30,000 Number of sad face emoticons you will find on CarlyFiorina.org, one for every person Fiorina laid off during her time as chief executive of Hewlett-Packard. Fiorina failed to register the domain. Someone else got in there.

The Lexicon: Fallout Friday

Today might very well turn out to be “Fallout Friday”, according to UK chancellor George Osborne, who coined the term in a Financial Times interview earlier this week to describe a situation in which Labour wins the election with Scottish National Party support. The economic credibility Osborne says the coalition has built up over five years would “evaporate in five minutes”, he claimed in the interview (the FT has backed the continuation of the coalition). Still, “Fallout Friday” can be easily adapted to describe any kind of hung-parliament stalemate, which at the time of writing was what the polls were predicting. Maybe Nick Clegg is right to warn of the chance (a remote one) that there will be another election by Christmas. Then UK politics really would go nuclear.

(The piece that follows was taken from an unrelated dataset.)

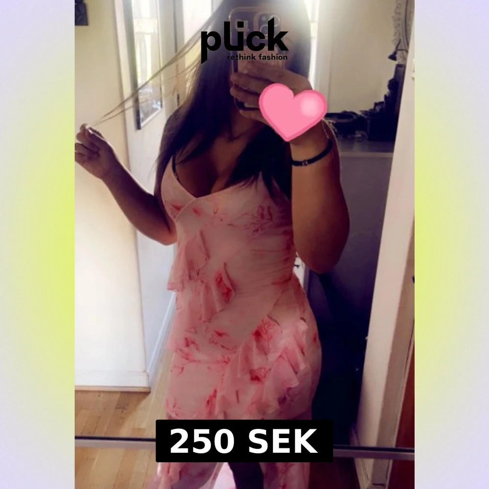 Supersöt rosa klänning med blommigt mönster och volangdetaljer. Omlottmodell med v-ringning och slits framtill. Perfekt för sommarens alla tillfällen och ger en romantisk vibe.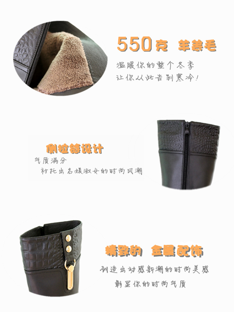 2012新款头层牛皮羊羔毛加厚侧拉链高跟靴女鞋 秋冬高跟鞋女鞋

Getting to know: Jessica Alba

Certain film fans will know Californian actor Jessica Alba from such movies as Sin City and Fantastic Four, but Alba is also one of a widening pool of celebrities with a sideline in entrepreneurialism that’s turning out to be very serious indeed (see also Snoop Dogg, Dr Dre, Sean Combs). The Honest Company, which Alba cofounded, is valued at just under $1 billion and has attracted initial public offering (IPO) speculation. So what is the Honest Company’s honest trade? It’s a company selling baby products that offers discounts on bundles of “nontoxic”, eco-friendly consumer goods (toiletries, nappies, vitamins) sold via a monthly subscription. “I created The Honest Company to help moms and to give all children a better, safer start,” she says. The money is just a bonus.

The list World's biggest companies

Forbes.com has come up with the definitive list of the world’s biggest 2,000 companies. Impress your friends by memorising these, the top five:

5 Berkshire Hathaway Warren Buffett’s holding company celebrates its 50th birthday this year after posting 2014 revenues of $195 billion and almost $20 billion in profits.

4 Bank of China With sales of $120 billion and profits of $27.5 billion, the Bank of China has the distinction of being the fourth-largest bank in China. Hey, wait a minute, that means . . .

3 Agricultural Bank of China After a record IPO in 2010 (since overtaken by Alibaba), the bank has revenues of $129 billion and its profits are $29 billion.

2 China Construction Bank Its revenues are $130.5 billion and its profits are $37 billion. Are you beginning to sense a theme?

1 Industrial and Commercial Bank of China It has sales of $167 billion and profits of $44.8 billion. Oh, and $3.3 trillion in assets. They’ll still turn you down for that car loan.